Robert Hollander, founder of L.A.-based Brand Sense Marketing, which handles licensing for Britney Spears, tells Marketing Daily Michael Jackson's iconography will efface the particulars of his life. "There are those -- his fans -- who believe he never outgrew his childhood. Elvis died under extreme circumstances, and his last years were not attractive, but that hasn't slowed down the Elvis estate," he says. "There is no question the core of long-term revenue streams will be the music.

"There is Sinatra, the Beatles, Elvis and Michael Jackson," says Hollander. "He is the last one to have completely changed the music scene and popular culture. I don't see anyone else who has done that in his time. There will be a big resurgence because of his death: music, videos, commemorative everything. Commercially, the vultures are circling as we speak, and that will be an interesting sideshow. I went on eBay [Thursday] afternoon and already things were for sale from 'the late great.' It didn't take two hours."

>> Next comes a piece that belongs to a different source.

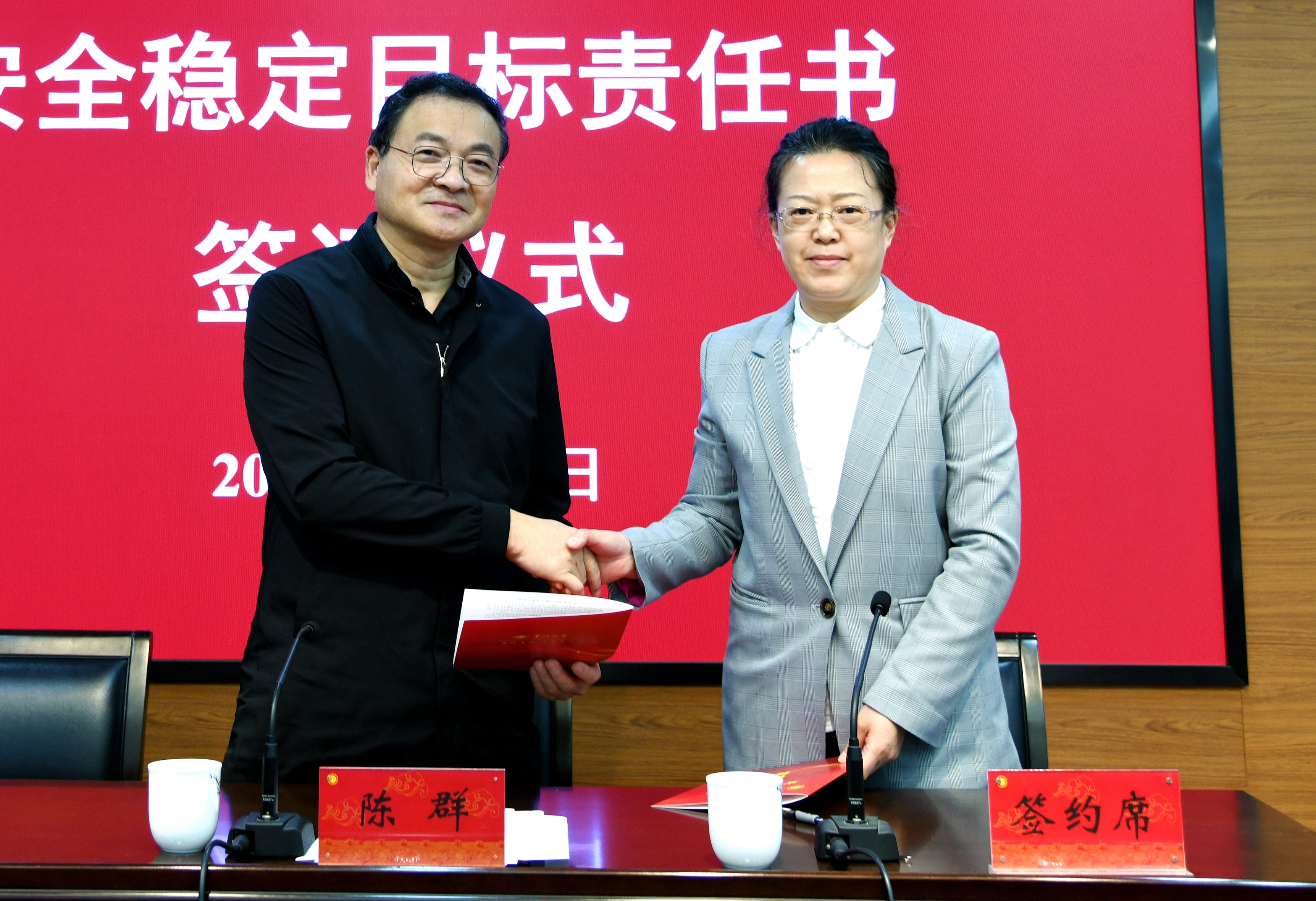 陈群与后勤管理处主要负责人签订安全稳定目标责任书

Matt Delzell, group account director at Dallas-based Davie-Brown Entertainment, a division of The Marketing Arm, agrees. "Kurt Cobain, Elvis, John Lennon, Johnny Cash -- many of their estates are making just as much if not more after they passed. And their passing sets aside controversy, and focuses attention on their iconic status. Michael Jackson was the biggest entertainer of our time. You will see record sales -- iTune sales -- skyrocket."

Tributes began immediately: SIRIUS XM Radio commemorated Michael Jackson with special programming across a wide range of its music channels on Friday evening. VH1 began a commemorative broadcast on Saturday.